Community Rehabilitation

The FHA rehab loan program is actually the Department of Housing and Urban Development's main initiative dedicated to rehabilitating poor and disadvantaged urban communities. The FHA realizes that the individuals living in these communities, and those looking to move there, will have lower incomes and lower credit ratings than in more privileged communities, and therefore they have adjusted the FHA rehab loan terms and conditions to be more flexible and negotiable than a typical construction loan.

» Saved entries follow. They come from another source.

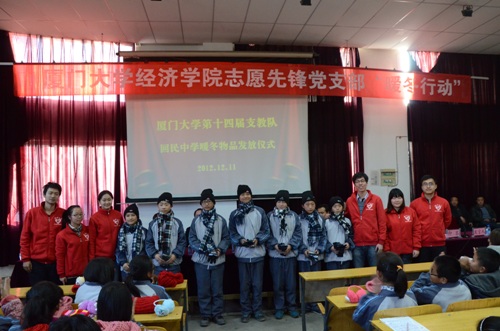 漫漫寒冬日,温暖送人心。为深入学习贯彻十八大精神,积极推进创先争优长效化建设,引领广大青年肩负担当社会责任,展现经院学子志愿先锋精神,经济学院志愿先锋党支部联合厦门大学第十四届研究生支教团于宁夏海原发起 “暖冬行动”,为偏远山区的孩子送去温暖。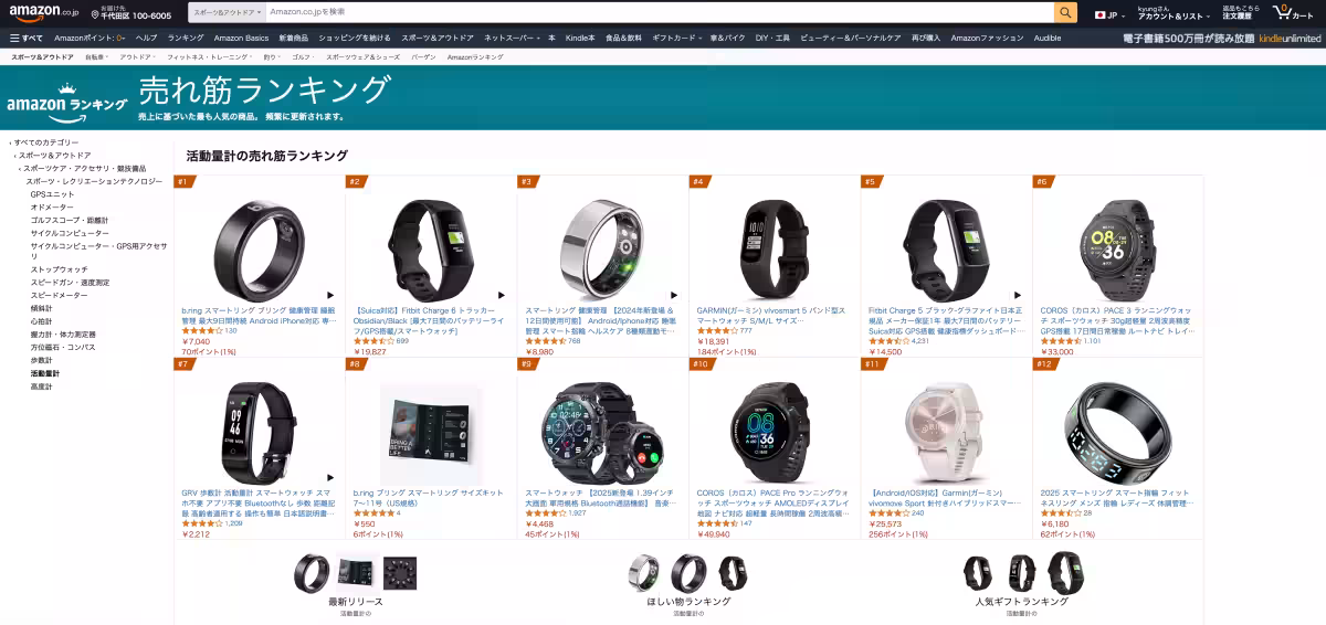 今、健康管理の新たなトレンドとして注目を集めているのがスマートリング「b.ring」です。このリングは、Amazonの「活動量計」カテゴリで売上ランキング1位を獲得し、さらにヨドバシ.comのスマートリングのカテゴリでも同様に1位を記録するなど、その人気ぶりは目を見張るものがあります。特に最近の健康志向の高まりとともに、ウェアラブルヘルスケア市場は急成長していますが、「b.ring」は、そのスタイリッシュなデザインと高機能な健康モニタリングの両立が、多くのユーザーに支持されている理由です。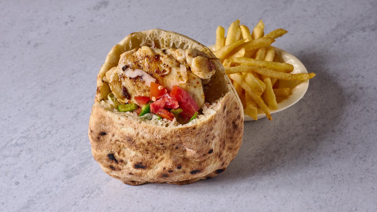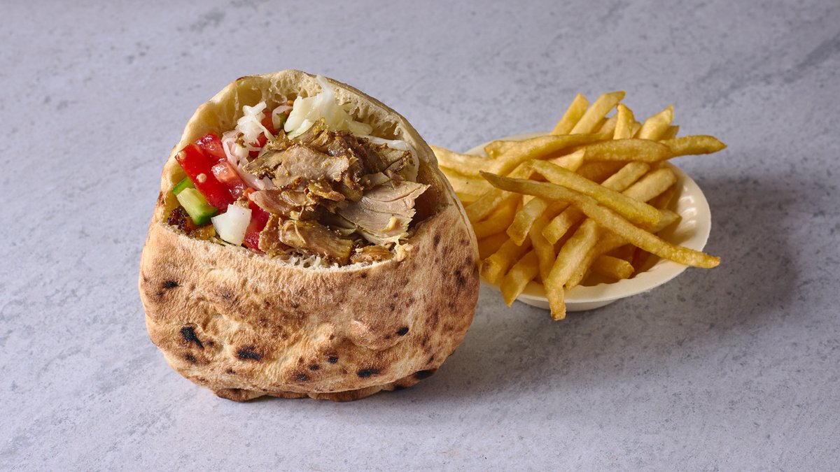 שווארמה, מיקס סלטים, צ׳יפס אישי ולחם לבחירה התמונה להמחשה בלבד

FHA Rehab Loan Required Applicant Information

Most of the application requirements for an FHA rehab loan are similar to those of any other loan. For instance, borrowers must submit to a credit check and employment verification, and they must meet the minimum requirements for individual lenders (which may vary by lending institution). However, the minimum requirements are often much lower than they are for traditional construction loans. Some lenders may approve FHA rehab loan applications for those with credit scores below 640, depending on the situation of the individual applicants.

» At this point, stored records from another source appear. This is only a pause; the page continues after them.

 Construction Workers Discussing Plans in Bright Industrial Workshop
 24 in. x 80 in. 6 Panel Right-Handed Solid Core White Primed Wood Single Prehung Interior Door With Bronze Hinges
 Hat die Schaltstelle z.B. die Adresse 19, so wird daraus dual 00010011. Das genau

Eligible Properties for the FHA Rehab Loan

While the FHA rehab loan comes with flexible terms for individual applicants, the fundamental requirements for eligible properties are fairly strict. The FHA rehab loan, for example, can only be applied to the renovation of existing properties that have been built for at least a year or more. The FHA rehab loan can also only be used to cover the renovation of a maximum of four units-in other words, it can be used to fix up an single family house, a duplex, or a condo or property that contains four individually occupied units. These properties are subject to an appraisal before the loan is approved.

Itemized Repairs

An FHA rehab loan allows borrowers to include the price of both purchase and repair in the overall loan amount. For example, if a family finds an affordable home, but discovers that it also needs a new kitchen, the loan amount would be calculated by adding the cost of the home with the estimated cost of repairs. FHA Rehab Loan applications require that all of these repairs be listed; in the case of the kitchen, this would mean obtaining a detailed price estimate from a certified contractor for everything from counter tops to permits.

Additional Provisions

The 203k loan program also builds in a contingency plan for the FHA rehab loan in case the cost of repairs exceed the estimate. For example, applicants can also request a 10-20% "contingency reserve" that can be allocated in the event that unexpected expenses arise. The percentage of the purchase price to be included in the loan can also be negotiated, as can the first several months of mortgage payments. This can be especially useful for people who must pay rent or mortgage to live elsewhere during the renovation process.

Rates and Interest

The interest rates on the FHA rehab loan are incredibly low compared to traditional loans. Additionally, borrowers are only required to put down 3.5% as a down payment. This percentage also includes the cost of repairs, so if a family buys a home worth $100,000 that also needs $20,000, the total value of the house-and the loan itself-would be $120,000. Therefore, the family would need to produce a down payment of at least $4,200, which is 3.5% of $120,000.